New research outlines “Software Piracy Approaches” and those responsible
V.i. Laboratories released new research showing how pirates go about “cracking” software the key groups responsible.
As the Flex platform from Acresso is most pervasive in the group studied (software with an average value of more than $4,000 USD per seat) their license solution showed the most cracks.
This research is obviously only a very small sample of all the applications that are shipping and those that have been cracked but it does show the main ways crackers attack software and areas where ISVs should put more effort to strengthen their products from this threat.
The headlines:
- Tampering or bypassing the embedded license enforcement is a key enabler of piracy.

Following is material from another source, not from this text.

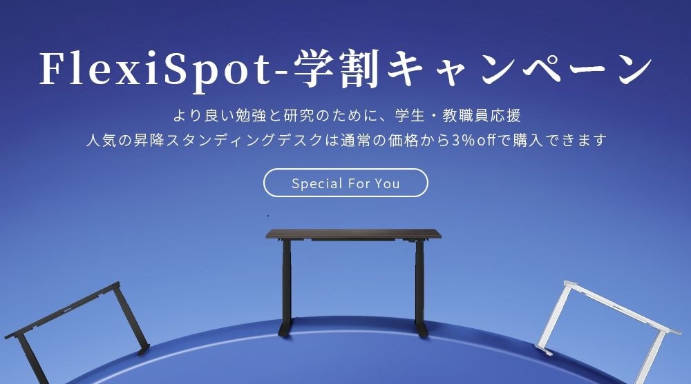 Flexispotの学割キャンペーンでは、昇降デスクの中からお好きなものをお選びいただけます。学生・教職員限定の3%割引を利用して、作業場を劇的に改革し、学校でのパフォーマンスを向上させましょう。

- Acresso (formerly Macrovision) is still the predominant system used by high value software vendors. In this sample of 83 releases, 73 percent, or 60 releases, used a version of the Acresso FLEXnet licensing system.
- The top five piracy groups (out of 212) contributed 59 percent of the cracked releases in the research sample. The top five most active groups in this sample were Lz0 (Linear Zero), NULL, Shooters, LND (Legends Never Die) and Magnitude.
- Strengthening licensing using hardware dongles or tamper resistant licensing may be useful for preventing overuse within a licensed customer environment, but it should not be viewed as a defense against overt piracy.